Posts Tagged ‘food’

TTC? Should you change your diet?

Wednesday, March 8th, 2017

woman having breakfastIf you’re trying to conceive (TTC) or thinking about getting pregnant soon, don’t wait until you get a positive pregnancy test to make changes to your diet and lifestyle. Start now.

Did you know that when you get a positive pregnancy test result, you’re already 3 – 4 weeks pregnant? This is why you should treat your body as if you are already pregnant when you are trying to conceive.

Not sure where to begin? Here’s your cheat sheet:

  • Include a multivitamin on your grocery shopping list. Taking a daily multivitamin that contains 400 micrograms of folic acid BEFORE and early in pregnancy can help prevent neural tube defects (birth defects of the brain and spine) in your baby. Don’t wait until you are pregnant – start taking a multivitamin now. When you become pregnant switch to a daily prenatal vitamin with 600 mcg of folic acid.
  • Here’s more to put on your shopping list: grains, vegetables, fruits, milk products and proteins. Go ahead and make your plate all the colors of the rainbow. See our guide for details and a sample menu.
  • Cut out alcohol, cigarettes, e-cigs, marijuana and street drugs. These items can be harmful to your baby during pregnancy. By cutting them out now, you don’t have to worry about them when you become pregnant.
  • Talk to your provider about all of the medications you are currently taking to see if any need to be switched to one that is safe to take during pregnancy. Never go off a prescription medication without speaking with your health care provider first.
  • Start limiting your fish and caffeine intake. Eat 8 to 12 ounces a week of fish low in mercury such as shrimp, salmon, Pollock, catfish and canned light tuna or 6 ounces a week of albacore (white) tuna. Limit your caffeine to 200 milligrams a day; this is the amount in 1½ 8-ounce cups of coffee or one 12-ounce cup of coffee. And be sure to read labels on your food products for added caffeine.
  • Stay away from: raw or under cooked meat and eggs, raw fish and all shark, swordfish, king mackerel and tilefish. Don’t eat refrigerated pâtés or meat spreads, raw sprouts and herbal products like pills and teas. Avoid all unpasteurized products, which may include juice, milk and soft cheeses. See our complete list of foods to avoid.
  • Healthy foods can get expensive; read our guide to food shopping on a budget.

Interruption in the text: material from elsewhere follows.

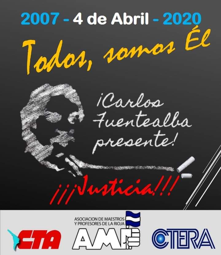 A 13 Años de su Asesinato, la AMP continúa exigiendo Justicia. ¡¡¡Carlos Fuentealba, PRESENTE, AHORA Y SIEMPRE!!! *Secretaría de DDHH de la AMP* La Rioja 03.04.20 *Comunicado Oficial de la AMP*

Remember, as you’re trying to conceive, treat your body like you are already pregnant. Making healthy choices now will give you a great start once you become pregnant.

Satisfying those pregnancy cravings

Friday, March 25th, 2016

SaladAs the temperature rises here on the east coast, I can’t help but think of warm weather and yummy summer foods like ice cream. But while enjoying your cone this season, remember that nutrition is important, especially if you are pregnant or thinking about becoming pregnant.

This month is National Nutrition Month, and this year the theme is to savor the flavor of eating right. The Academy of Nutrition and Dietetics raises awareness that no one diet is right for everyone. By keeping your lifestyle in mind and focusing on foods and traditions that appeal to you, you can find an eating plan that works for you.

So what does this mean for pregnant women?

Lots of women have food cravings during pregnancy. And it’s usually okay to satisfy those cravings as long as what you eat is safe and you don’t overdo it.

You may have heard that you should be eating from the five food groups: grains, veggies, fruits, milk products and proteins, but what about when you get cravings for crunchy foods and you reach for the potato chips?

Here are some tips:

  • Eat what you crave, but in small amounts. Eating too much of something sweet, spicy or salty can cause problems, such as heartburn or gaining too much weight.
  • Work your cravings to your advantage. If you are craving a crunch, see if some carrots or an apple will satisfy your craving before you reach for the chip bag. Or at least buy the reduced fat kind of chips.
  • Buy single servings instead of in bulk. If you are ready to enjoy some ice-cream, go to your local ice cream shop for a scoop instead of buying a container at the grocery store.
  • Plan your day’s snacks ahead of time. This will help you know what and when you are going to eat between meals and will keep you away from unhealthy convenience foods in a vending machine.
  • If you are trying to stay away from your craving, try distracting yourself by going for a walk or calling a friend.